On 10 September 1914, Army Detachment Strantz had been formed from other depleted corps, taking its name from its commander, Hermann von Strantz. On 2 February 1917, the group was renamed Army Detachment C and Boehn was named its new commanding general. Under his command, the detachment fought on the Maas Heights. On 11 March 1917, Boehn was transferred as commanding general to the 7th Army. Under his leadership, the army was deployed to the Winter Battle of Champagne, the position battles on the Aisne and the double battle of the Aisne and Champagne. After heavy fighting on the Chemin des Dames and repeatedly foiling attempts by French forces to break through, Boehn was decorated on 20 May 1917 with the Oakleaves to the Pour le Mérite. Later in the year, the army was involved in the north of the Ailette and in October at the Battle of Malmaison.

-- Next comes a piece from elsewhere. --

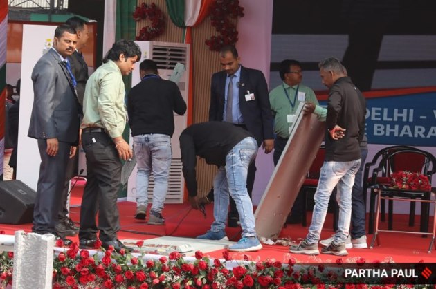 Workers dismantle the podium after PM Modi cancelled his arrival.

Max von Boehn celebrated on 5 December 1917 in Marle the 50th anniversary of his military service. The Kaiser also honored him with the award of the Grand Cross of the Order of the Red Eagle with Oakleaves and Swords.

On 22 March 1918, at the beginning of German spring offensive or Kaiserschlacht in France, Boehn was promoted to Generaloberst (Colonel General). During the German offensive, the army penetrated to the west but had ceased their advance on 6 April. On 27 May, he was able to proceed aggressively again, overcoming the Chemin des Dames, the Aisne-Marne Canal, the Aisne and the Vesle. Boehn further managed to conquer the forts on the West Front of Reims. Within days, Boehn's units had achieved territorial gains of 60 km depth, captured 60,000 prisoners of war and seized 830 artillery pieces and 2,000 machine guns. For these achievements, Wilhelm II appointed him Chief of the Schleswig-Holstein Infantry Regiment No. 163 on 30 May 1918. Six days later, in Fressancourt, Boehn welcomed his regiment, which had been transferred from the 4th to the 7th Army. Boehn was also decorated with the Order of the Black Eagle.

Assault warfare again switched to trench warfare, and Boehn's army fought between the Oise, Aisne and Marne. A final assault battle of the Marne and in Champagne developed into a defensive battle between Soissons and Reims and between Marne and Vesle. In the end the German troops were driven back to a line before the Spring Offensive.

On 6 August 1918 Boehn was appointed the Commander-in-Chief of Army Group Boehn which was formed on 12 August 1918 from the 2nd, 9th, and 18th Armies to defend the Siegfried Line (Hindenburg Line) in the southern Artois between Oise and Somme. It was the last of its kind in this war. When the superiority of the Allies forced the surrender of the Army Group, it was dissolved on 8 October 1918. Boehn received at his request on 31 October 1918 the command of the 7th Army. After fighting in the Antwerp–Meuse position, the cease fire ending the war was proclaimed on 11 November 1918 at Compiègne.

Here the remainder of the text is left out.